« 2007年7月 | トップページ | 2007年9月 »

「打ちのめされるようなすごい本」

読者が打ちのめされる書評ってのもめずらしい。この本は、米原万里さんが昨年なくなってから、初めて出された彼女の行った書評の総括。

書評って、なかなか大変な作業だと思うわー。感想とは違い、読むときも神経を使うものでしょう。本当にエンターテイメントとしての読書をたのしめなくなりそうです。

しかも、「書評だけ」こんなに膨大に読んで飽きることがないというのは、単に本の紹介やセールス文章ではない、彼女の創作した部分が大爆発!!しているから。

読んだことも、読もうとも思えない硬い本も実は多い。

彼女はロシア語通訳第一人者でもあり、旧ソ連あたりの政治や動向に興味があるらしく、関連した本の紹介が多い。(私のあまりにも不勉強さからこのまとめ方も間違ってるかも知れぬが)

それでも、この本を読んでいるうちに読みたい本がどんどんリストアップされてメモ帳がいっぱいに。

早速、図書館で見つけられるだけ借りちゃった。

・姫野カオルコの「受難」(にやにや!高校生あたりだったらむさぼるように読むことだろう)

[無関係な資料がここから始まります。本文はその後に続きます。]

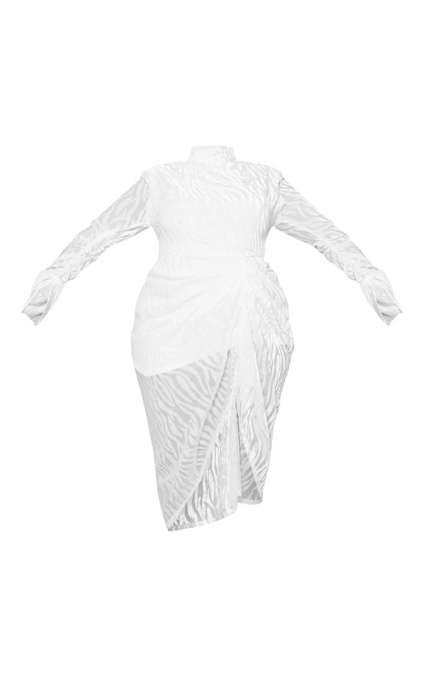 Plus Robe mi-longue blanche imprimé zèbre dévoré à col haut et détail drapé
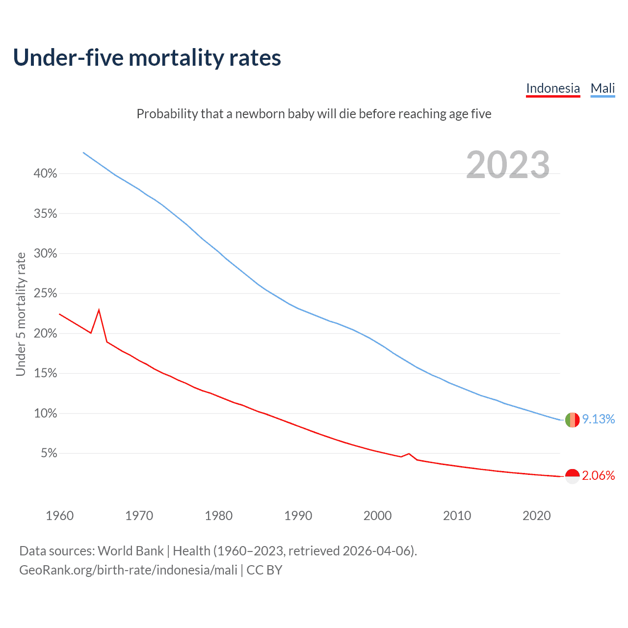 The chance that a newborn baby will die before reaching age five is 2.06% in Indonesia and 9.13% in Mali. Above is a chart with historical data on under-five mortality rates.
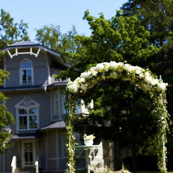 Шпалерные и сводчатые арки часто применяют для поддерживания цветов на свадьбах. Церемонии с использованием в качестве украшений именно таких конструкций приобретают все большую популярность. Особенно эффектно они смотрятся на фоне красивой задней стенки.
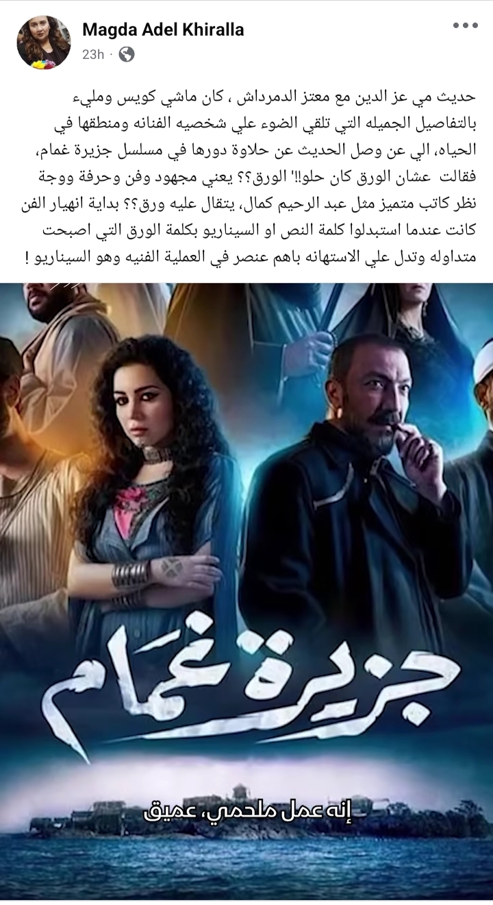 وعلقت ماجدة خير الله على هذه التصريحات، وكتبت من خلال حسابها الرسمي عبر موقع التواصل الاجتماعي فيسبوك، قالت: "حديث مي عز الدين مع معتز الدمرداش ، كان ماشي كويس ومليء بالتفاصيل الجميله التي تلقي الضوء علي شخصيه الفنانه ومنطقها في الحياه، الي عن وصل الحديث عن حلاوة دورها في مسلسل جزيرة غمام، فقالت عشان الورق كان حلو!!' الورق؟؟".
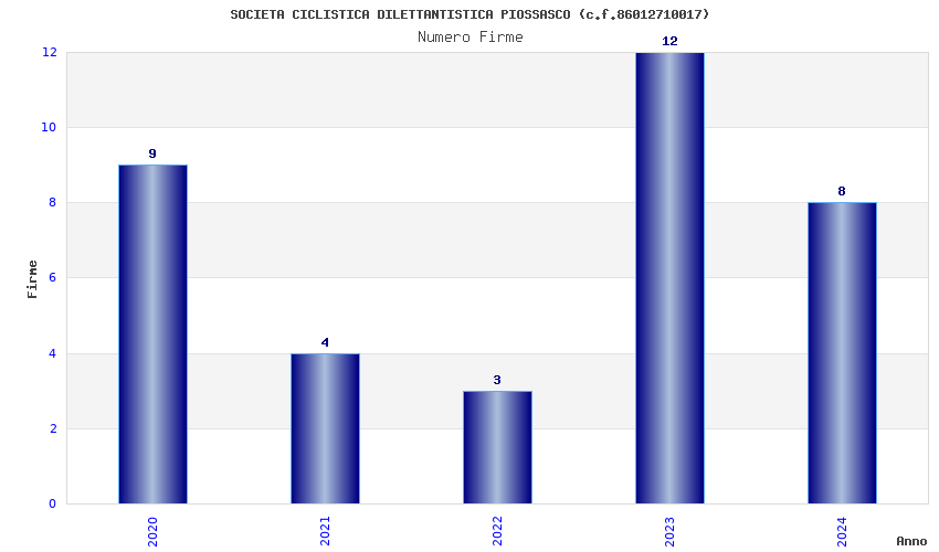 | Anno | Firme | Importi | Media | Naz. | Reg. | Prov. | Comu. |
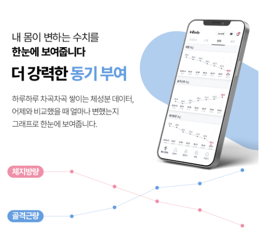 - 다이어트 진행 상황 파악: 체중이 같아도 인바디 체지방률이 낮아졌다면 진짜 다이어트에 성공한 것!

・東海林 さだおの「丸かじりシリーズ」(いままでおじさん向きとおもってってた~こんなおもしろい「おじさん向け」だったとは!!読まなきゃもったいない)

・恩田陸の「ドミノ」 (先ほど読了!この大人数を動かすパワー。すごい!!)

・丸谷才一の笹まくら(うーん、これはちょっと。私は好きじゃないかも)

・・・軽いのばっかりだけど!

それにしても、がんを告知されてから”座して死を待つほどの度胸のない私は・・・”と、いろいろと勉強して(その本を紹介してある)いる姿は、自分をヒロインにしない、いつも客観的な視点を忘れずない、とても強い人だと思いました。

なーんで、生きているうちにこの人の本を読まなかったんだろう、

嘘つきアーニャの真っ赤な真実もすごく心を揺さぶられた本だったのに。

ああ、合掌。

| | コメント (0) | トラックバック (0)

泣いた~「おじいちゃんがおばけになったわけ」

名前はわすれたけれど、絵本紹介ムックで紹介されていたこの本。

読みたくって図書館でリクエストしました。(そう簡単には買わないよ~)

そしたらあなた、おばけ話とはいうものの、大好きな肉親の死をテーマにした感動の内容で、子供に読み聞かせる前ざっと読んで涙。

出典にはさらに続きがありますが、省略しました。